Sam Bankman-Fried arrested and consented to the extradition — Law Decoded, Dec. 12-19.
Welcome to Law Decoded, your weekly digest of all the major developments in the field of regulation.
The FTX drama escalated last week when the Royal Bahamas Police Force arrested its former CEO, Sam Bankman-Fried, at the request of the United States government. Within hours, politicians, crypto executives and influencers had all booted up their Twitter apps to comment on the arrest of the former CEO, who had to miss his testimony before the U.S. Congress. However, the text of SBF’s planned testimony was obtained by the media, wherein he blamed the inclusion of FTX.US in the Chapter 11 bankruptcy on John J. Ray III, a restructuring lawyer who assumed the role of FTX CEO after the bankruptcy filing.
The body of allegations against FTX and SBF personally is stacking up. The United States Securities and Exchange Commission (SEC) charged Bankman-Fried with violating the anti-fraud provisions of the Securities Act of 1933 and the Securities Exchange Act of 1934. At the same time, the Commodity Futures Trading Commission (CFTC) has filed a lawsuit against Sam Bankman-Fried, FTX and Alameda Research, claiming violations of the Commodity Exchange Act and demanding a jury trial. A fresh indictment, signed by United States Attorney for the Southern District of New York Damian Williams, is 14 pages long and contains eight counts.
Bankman-Fried reportedly reconsidered his earlier decision to contest extradition and is expected to appear in court in the Bahamas on Dec. 19 to seek a reversal. By consenting to extradition, he would be able to appear in a United States court, where If convicted, he could get up to 115 years in jail. However, there is a “lot to play out” in the case until he gets a final sentence within the next few months or even years, legal commentators told Cointelegraph.
Senators Warren and Marshall introduce money-laundering legislation for crypto
U.S. Senators Elizabeth Warren and Roger Marshall introduced the Digital Asset Anti-Money Laundering Act of 2022. The seven-page bill would expand the classification of a money service business (MSB), prohibit financial institutions from using technology such as digital asset mixers and regulate digital asset kiosks, otherwise known as ATMs.

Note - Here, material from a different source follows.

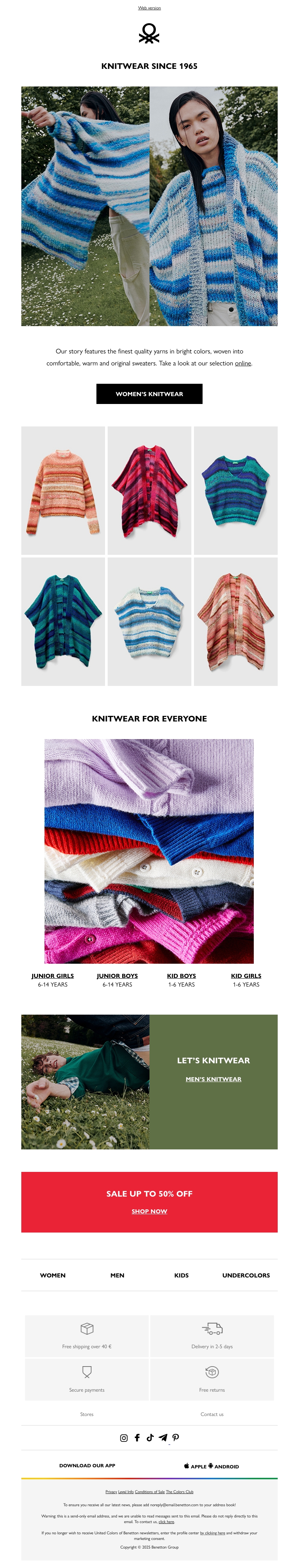 Onze knitwear collectie voor dames en kinderen biedt hoogwaardige materialen en levendige kleuren. Met meer dan 50 jaar ervaring, combineren we stijl met comfort. Bekijk de selectie en vernieuw je garderobe met warme en originele truien. Mis de korting tot 50% niet, en shop nu veilig en gemakkelijk.

Money service businesses would be required to have written Anti-Money Laundering policies and to implement them. The bill would finalize reporting requirements already proposed by FinCEN and impose new requirements, including reporting transactions over $10,000 in accordance with the Bank Secrecy Act.
Canada bans crypto leverage and margin trading
The Canadian Securities Administrators (CSA), the council of Canada’s provincial and territorial securities regulators, issued an update to crypto trading platforms operating in the country. According to the statement, all crypto trading firms operating in Canada — both local and foreign ones — have to comply with newly expanded terms, which ban them from offering margin or leverage trading services to any Canadian clients. The expanded terms also require crypto exchange services providers in Canada to segregate custody assets from the platform’s proprietary business.
Nigeria set to pass bill recognizing Bitcoin and cryptocurrencies
The Nigerian government will reportedly soon pass a law that will recognize the usage of Bitcoin (BTC) and other cryptocurrencies as a means to keep up to date with global practices. If the Investments and Securities Act 2007 (Amendment) Bill is signed into law, it would allow the local Securities and Exchange Commission to “recognize cryptocurrency and other digital funds as capital for investment.”
The report comes almost 24 months after Nigeria banned crypto activity in February 2021, with the Central Bank of Nigeria (CBN) ordering local crypto exchanges and service providers to cease activity and mandating banks to shutter the accounts of any individuals or entities found to be engaging in trading activities.